The role of hippocampus in processing memory and cognition is thus undisputed, and significant amounts of pre-clinical and clinical data generated over the last few decades strongly support the hypothesis that one of the major toxicities of brain radiation is the result of injury to the hippocampus. The goal thus has been to avoid injury to the hippocampus as far as is reasonably possible, especially in patients where early disease or excellent treatment response would render them excellent candidates for long-term survival.
Therapeutic whole brain radiation and hippocampal-avoidance whole brain radiation
Brain metastases is the most common brain tumor in adults, and the risk of developing brain metastases vary according to the tumor type, although lung cancers account for about half of all these tumors (57,58). The prognosis, once brain metastases has developed, is relatively poor and the patients generally present with significant neurologic, cognitive and emotional issues. The most widely used treatment for multiple brain metastases has been whole brain radiation treatment (WBRT), which was seen to provide rapid attenuation of symptoms. Various dose schedules for WBRT were studied in multiple randomized studies and currently the most commonly used dose schedules include 30 Gy in 10 fractions or 20 Gy in 5 fractions. While these doses are inadequate for long-term tumor control, these doses do give tumor control in approximately 50% patients at 6 months (58). Unfortunately, multiple reports identified neuro-cognitive dysfunction as a late toxicity of WBRT, although this may have been confounded by multiple other factors including location of the tumor, surgical procedures and the use of neurotoxic drugs like chemotherapy. Early studies identified the pathophysiological changes in the brain that were associated with radiation induced toxicity, and various strategies were suggested to reduce the late neurological toxicity of WBRT. Currently, WBRT is offered for patients who have brain metastases that impinge eloquent areas or have disseminated disease that may be unamenable to surgery or stereotactic radiation. The second indication for WBRT is as an adjuvant treatment after surgery or stereotactic radiosurgery (SRS). Although adjuvant WBRT after surgery or SRS reduces the relative risk of intracranial disease progression, no survival advantages (59,60) were noted and was instead associated with increased risk of side effects including neurocognitive decline (61).

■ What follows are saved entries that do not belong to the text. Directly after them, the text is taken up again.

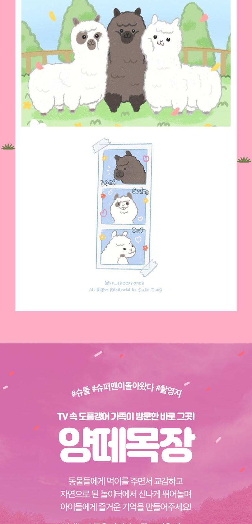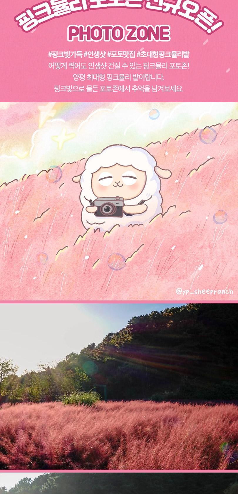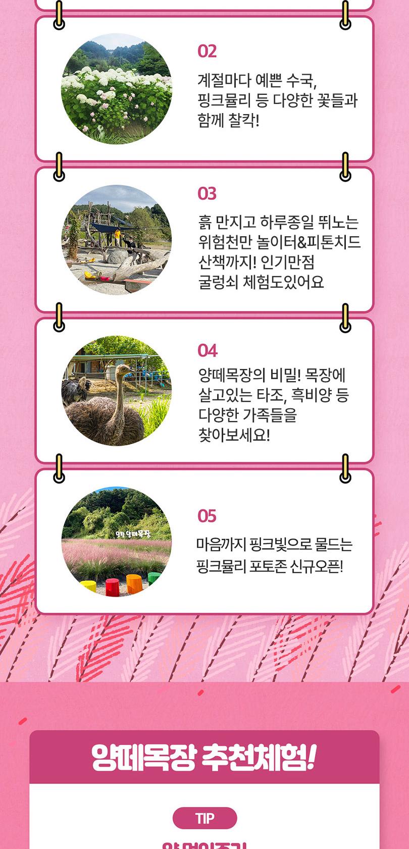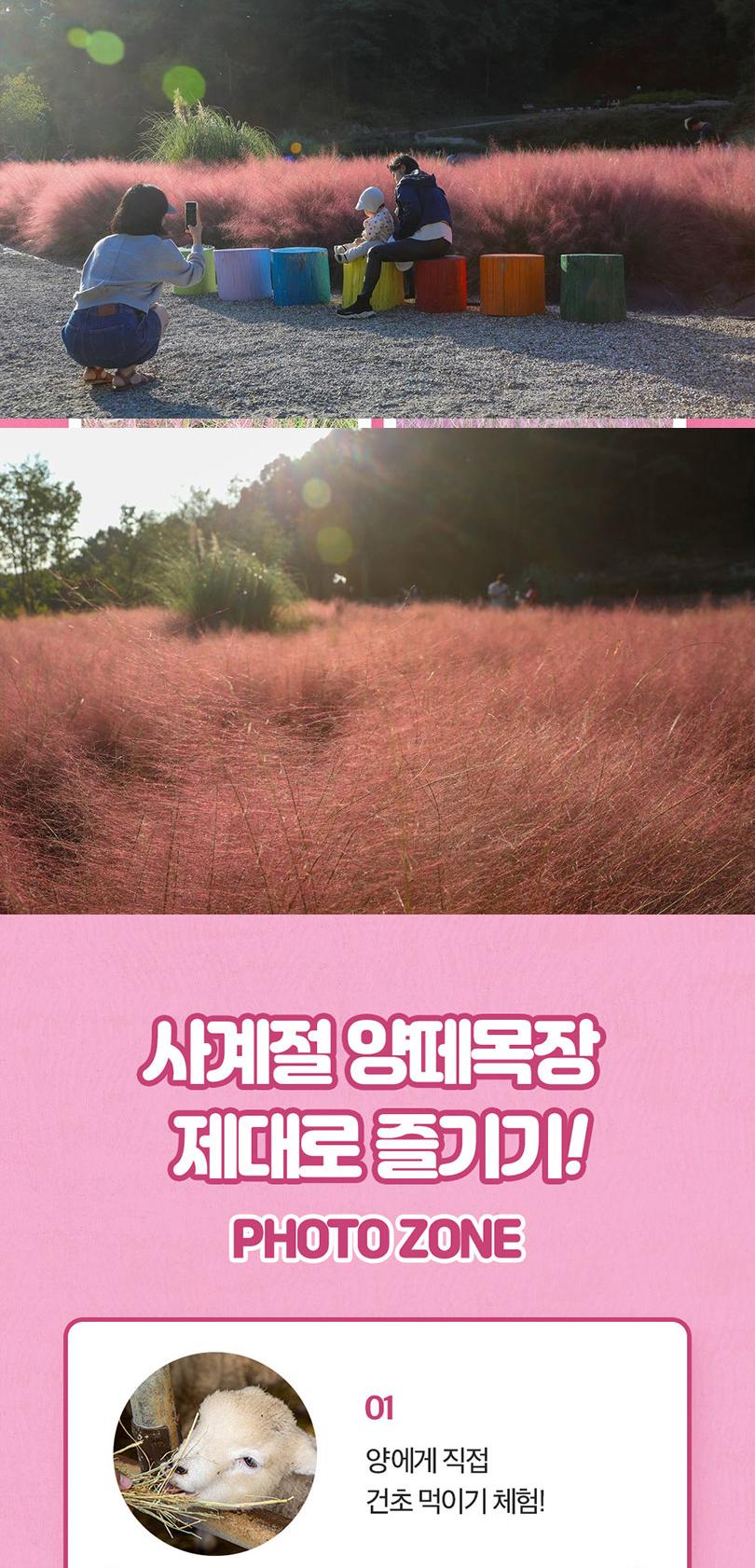 서울 근교 나들이 명소, 양평 양떼목장입니다. 드넓은 초원에서 자연의 아름다움을 느끼며 다양한 동물들을 만나 교감할 수 있습니다. 봄에는 봄꽃, 여름에는 수국, 가을에는 핑크뮬리, 겨울에는 얼음썰매까지! 양평 양떼목장으로 놀러 오셔서 소중한 추억을 만들어보세요.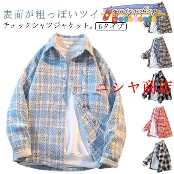ツイード シャツジャケット チェック柄 メンズ 秋 冬 長袖 厚手 柄シャツ チェックシャツ スナップボタン カジュアルシャツ ツイードジャケット 上着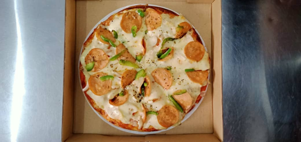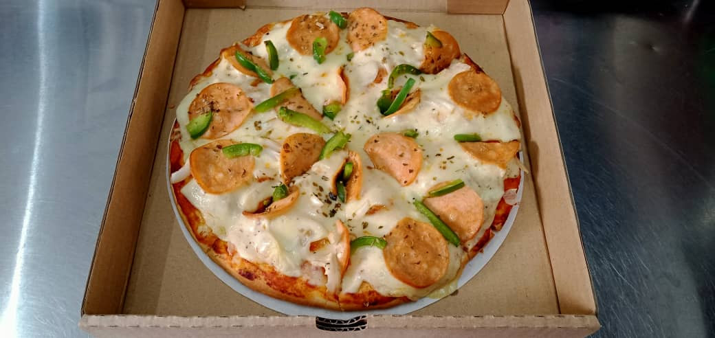 Tomato Concasse, Onion, Sauce Cheese, Mozzarella Cheese, Chicken Pepperoni, Capsicum, Oregano & Chili Flakes.
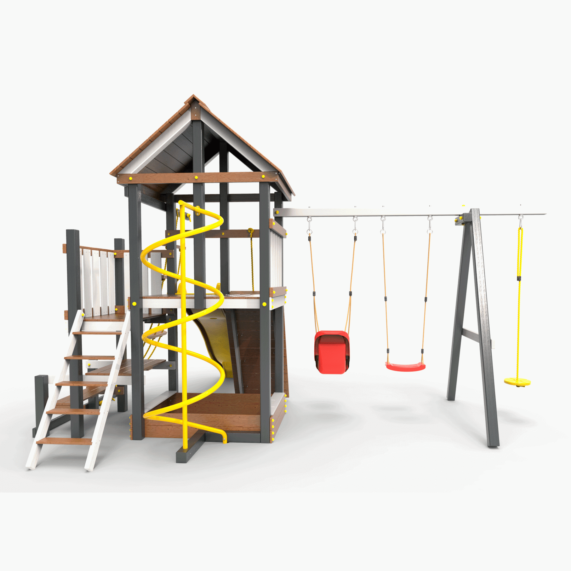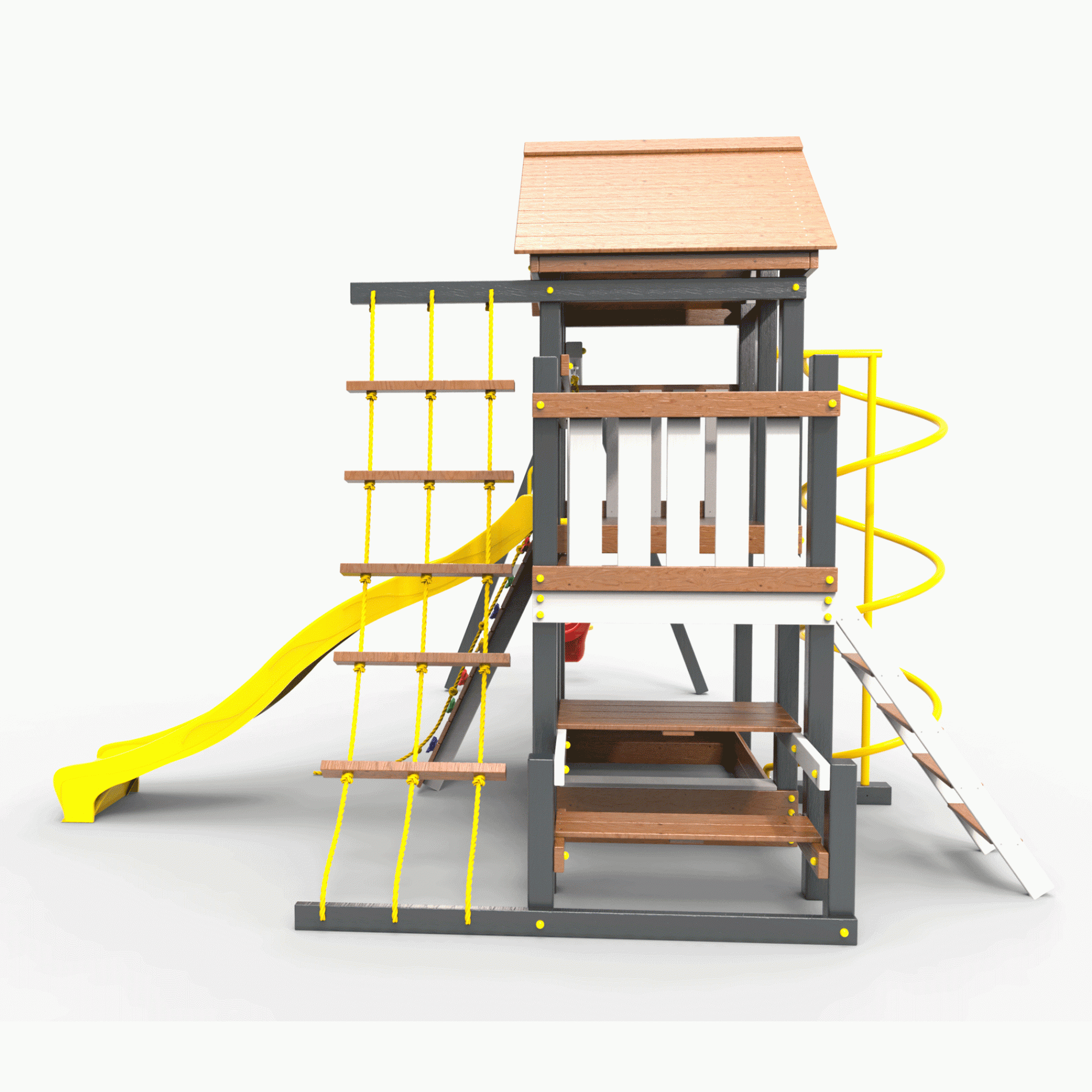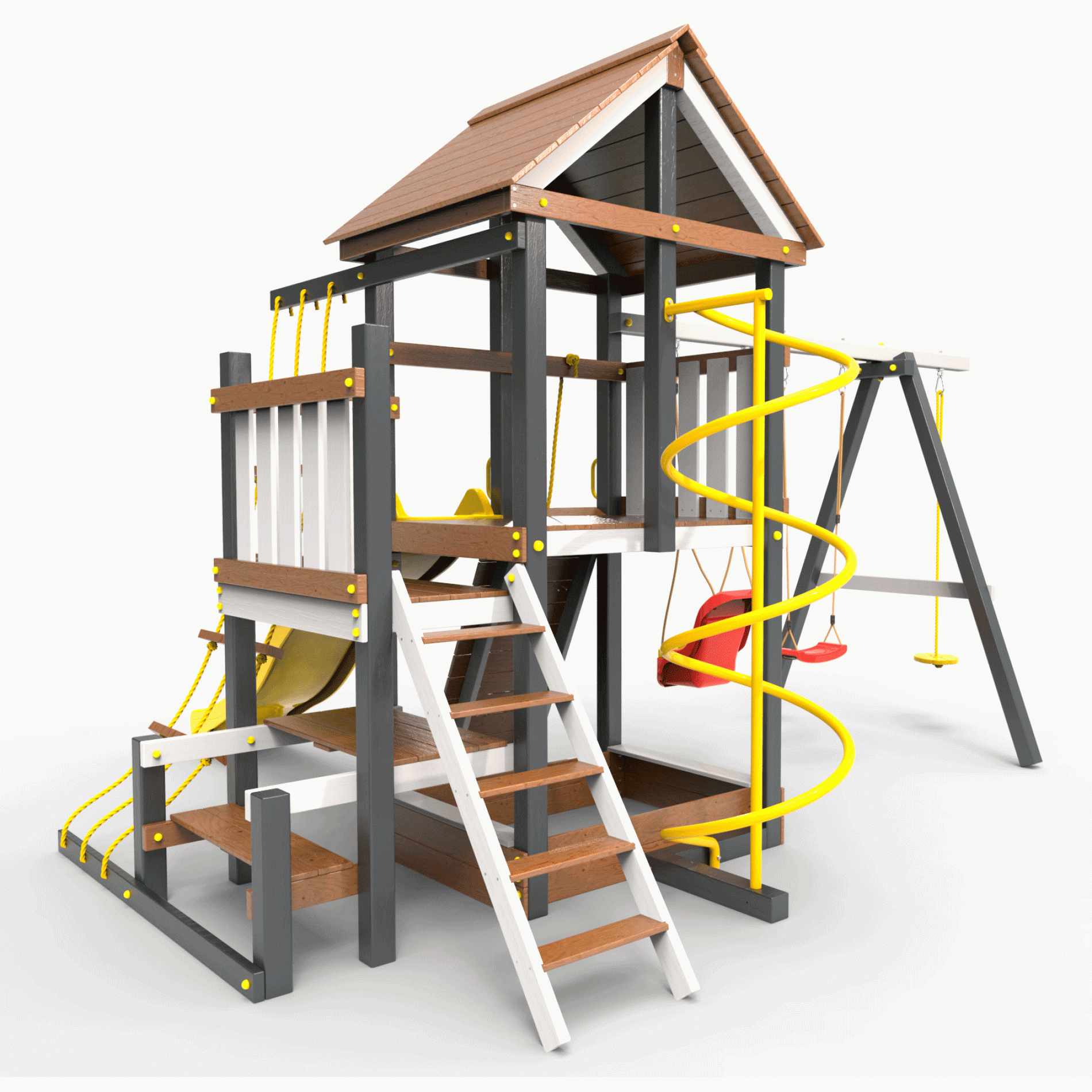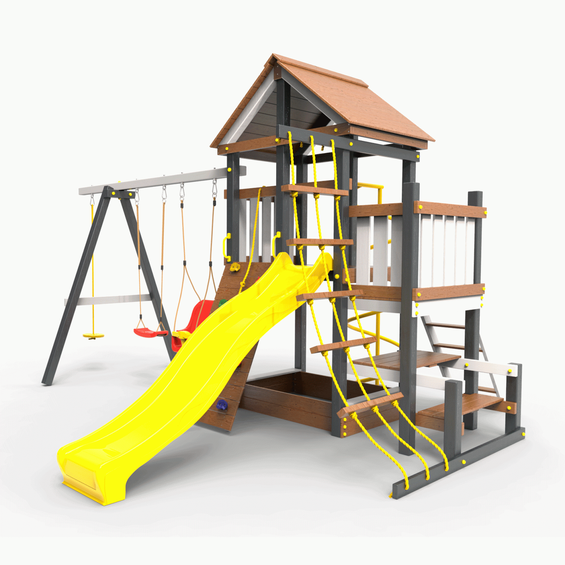 Обращаем Ваше внимание, что фактический цвет детской площадки может отличаться от представленных фото на сайте. Специфика окраски нетоксичными пропитками и красителями допускает отклонения в цветовой гамме отгружаемых изделий. Также обратите внимание, что фактический цвет может отличаться из-за цветопередачи устройства на котором Вы смотрите фото. Производитель оставляет за собой право менять цвет отдельных деталей и комплектующих(включая пластик, канаты и пр.), при этом сохраняя весь функционал и характеристики товара.

Some of the strategies employed for reducing the late toxicity of WBRT include stereotactic radiation for solitary lesions and tumor bed radiation following surgical metastectomy. In fact the treatment approach for brain metastases have changed significantly in the last couple of decades with the emergence of randomized data supporting the evidence for SRS as initial therapy for up to 4 brain metastases (59,62-64), although some centers practice SRS for even larger number of small tumors. Other targeted strategies to reduce the risk of neurocognitive decline after WBRT include the use of certain pharmacological agents that have been shown to ameliorate the late neuro-cognitive toxicity of WBRT. These agents include memantine, an oral N-methyl-D-aspartate (NMDA) receptor (65,66) and donepezil, a choline esterase inhibitor (66). These medications have been previously used in the management of Alzheimer’s disease, and although they do not reverse the radiation induced toxicity, they can delay the time to cognitive decline. In these early studies, donepezil only showed modest improvement in cognitive functions, but memantine did show significantly better benefit with longer time to cognitive decline and favorable tolerability profile. Hence it has been suggested that memantine may be offered to patients following WBRT for up to 6 months.
Another strategy employed for reducing the risk of late neuro-cognitive toxicity is to avoid the hippocampus during WBRT using newer radiation techniques like intensity modulated radiation therapy (IMRT), where a lower differential dose to the hippocampus is thought to reduce the long-term toxicity associated with conventional WBRT. WBRT with hippocampal avoidance was demonstrated to be feasible with improvements in radiation techniques and planning systems. Evaluation of the feasibility of sparing the hippocampus and the neuronal stem cell compartment showed that it was indeed possible to keep the doses to these structures much lower than the prescription dose using intensity modulated radiation treatment and helical tomotherapy (67). A report from the Gondi group also showed that excellent hippocampal avoidance was possible both with standard linear accelerator based and helical tomotherapy based techniques (68). The group also reported on the RTOG 0933 (69) phase II trial that studied patients with non-hematologic and non-SCLC brain metastases who were planned for WBRT. These patients were treated with hippocampal avoidance WBRT (HA-WBRT) using a dose of 30 Gy in 10 fractions. A decline in the Hopkins Verbal Learning Test (HVLT) was the end-point, and it was noted among the participants that relative decline in HVLT was significantly lesser than in previously reported studies that looked at WBRT as well as WBRT and SRS. This study also set out the possible dosimetric compliance criteria that can indicate the most reasonable outcomes (70). Interestingly, the recent NRG-CC001 trial looked at the combination of memantine with WBRT and memantine with HA-WBRT (71) and an interim analysis showed that hippocampal avoidance better preserves neuro-cognitive Function and other late symptoms without having an impact on disease control and survival.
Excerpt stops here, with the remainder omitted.